» **Record set**
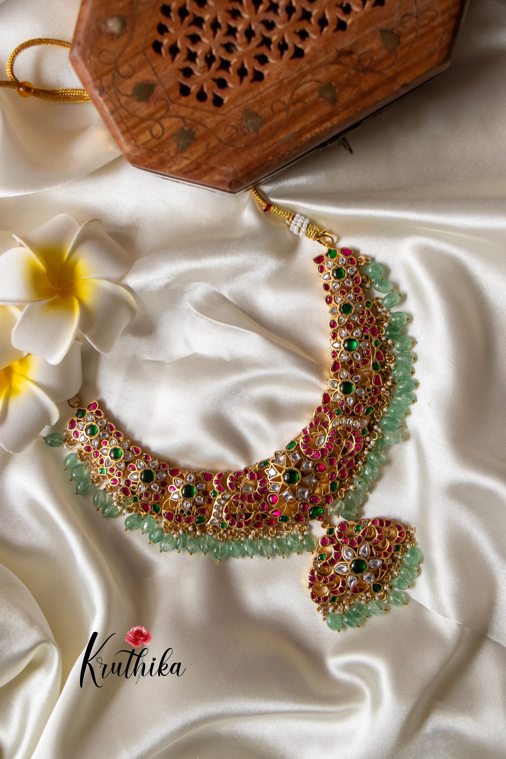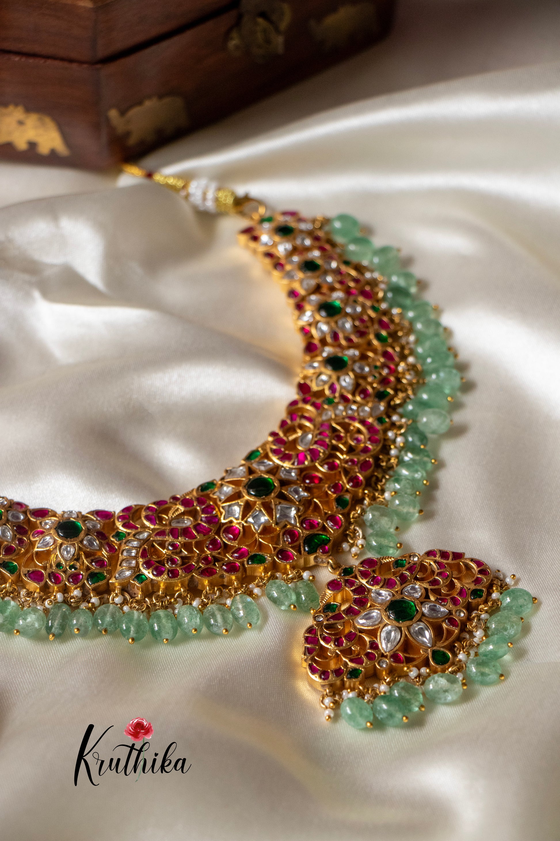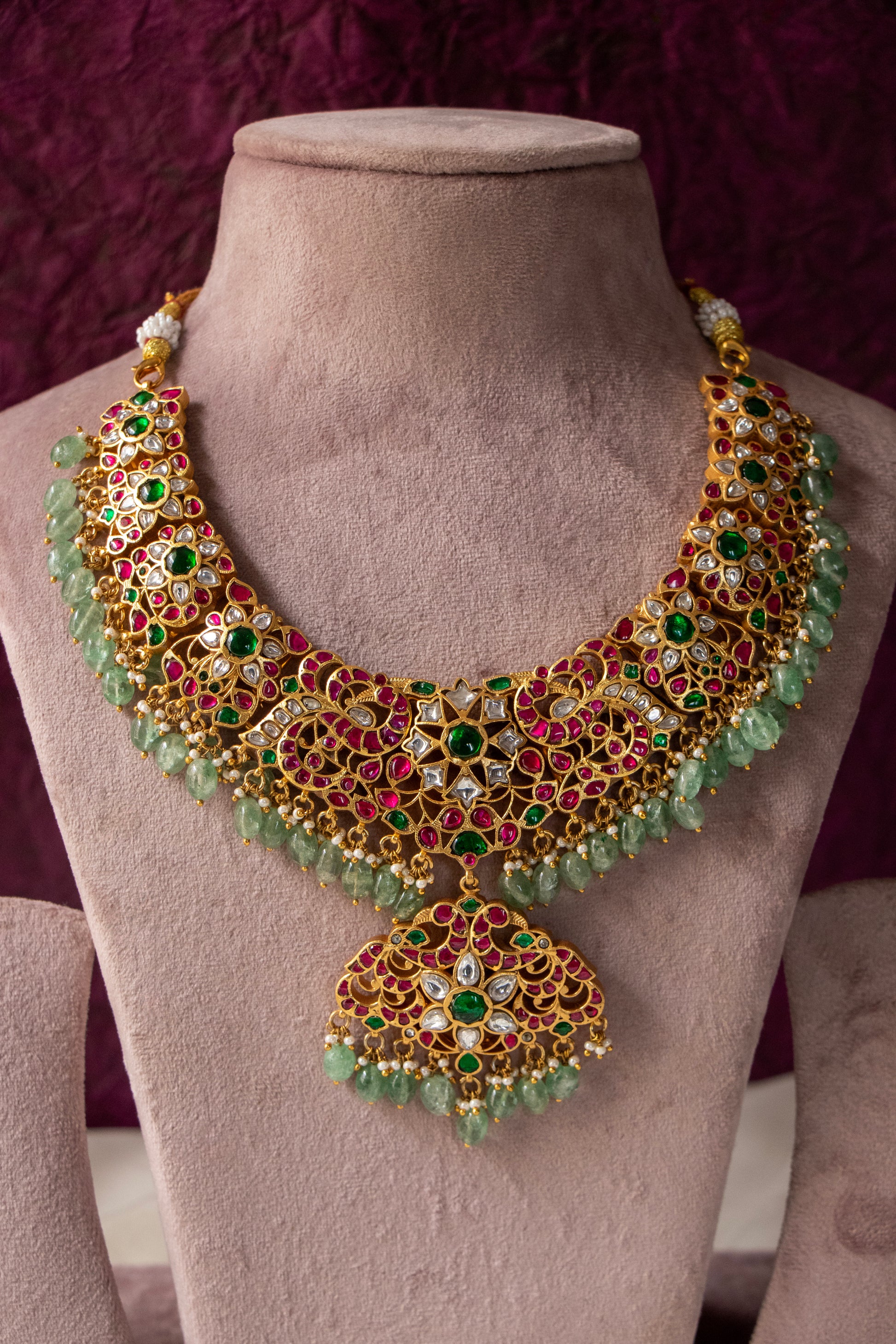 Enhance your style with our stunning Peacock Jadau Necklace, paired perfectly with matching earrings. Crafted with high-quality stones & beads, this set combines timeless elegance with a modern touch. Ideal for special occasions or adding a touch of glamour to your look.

...

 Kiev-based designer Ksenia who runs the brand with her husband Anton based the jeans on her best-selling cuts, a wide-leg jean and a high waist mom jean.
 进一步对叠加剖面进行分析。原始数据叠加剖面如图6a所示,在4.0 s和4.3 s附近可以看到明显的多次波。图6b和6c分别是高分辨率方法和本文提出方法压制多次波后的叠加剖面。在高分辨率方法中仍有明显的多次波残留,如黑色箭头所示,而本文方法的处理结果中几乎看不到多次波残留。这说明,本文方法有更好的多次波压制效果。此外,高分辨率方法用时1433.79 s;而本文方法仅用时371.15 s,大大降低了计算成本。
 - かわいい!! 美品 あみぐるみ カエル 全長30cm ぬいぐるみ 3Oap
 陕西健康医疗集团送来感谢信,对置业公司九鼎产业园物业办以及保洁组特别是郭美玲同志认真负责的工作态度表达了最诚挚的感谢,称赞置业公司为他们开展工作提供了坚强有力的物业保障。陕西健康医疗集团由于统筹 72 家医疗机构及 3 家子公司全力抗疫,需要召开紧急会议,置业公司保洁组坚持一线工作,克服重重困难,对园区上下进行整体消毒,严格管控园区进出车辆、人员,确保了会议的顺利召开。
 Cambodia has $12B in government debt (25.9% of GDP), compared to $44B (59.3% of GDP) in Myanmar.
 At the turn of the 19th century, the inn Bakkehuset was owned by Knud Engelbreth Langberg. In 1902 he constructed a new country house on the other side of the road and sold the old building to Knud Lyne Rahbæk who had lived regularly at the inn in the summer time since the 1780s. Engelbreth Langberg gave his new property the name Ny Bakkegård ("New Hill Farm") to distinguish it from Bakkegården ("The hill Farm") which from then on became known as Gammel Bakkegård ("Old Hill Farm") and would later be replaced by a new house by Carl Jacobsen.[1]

» **About this exercise**
Reproduce, word for word and in full, only the lines above that start at the line with "- かわいい!! 美品 あみぐるみ カエル 全長30cm ぬいぐるみ 3Oap" and run through the line with "Cambodia has $12B", both ends included.

» **Task solution**
 - かわいい!! 美品 あみぐるみ カエル 全長30cm ぬいぐるみ 3Oap
 陕西健康医疗集团送来感谢信,对置业公司九鼎产业园物业办以及保洁组特别是郭美玲同志认真负责的工作态度表达了最诚挚的感谢,称赞置业公司为他们开展工作提供了坚强有力的物业保障。陕西健康医疗集团由于统筹 72 家医疗机构及 3 家子公司全力抗疫,需要召开紧急会议,置业公司保洁组坚持一线工作,克服重重困难,对园区上下进行整体消毒,严格管控园区进出车辆、人员,确保了会议的顺利召开。
 Cambodia has $12B in government debt (25.9% of GDP), compared to $44B (59.3% of GDP) in Myanmar.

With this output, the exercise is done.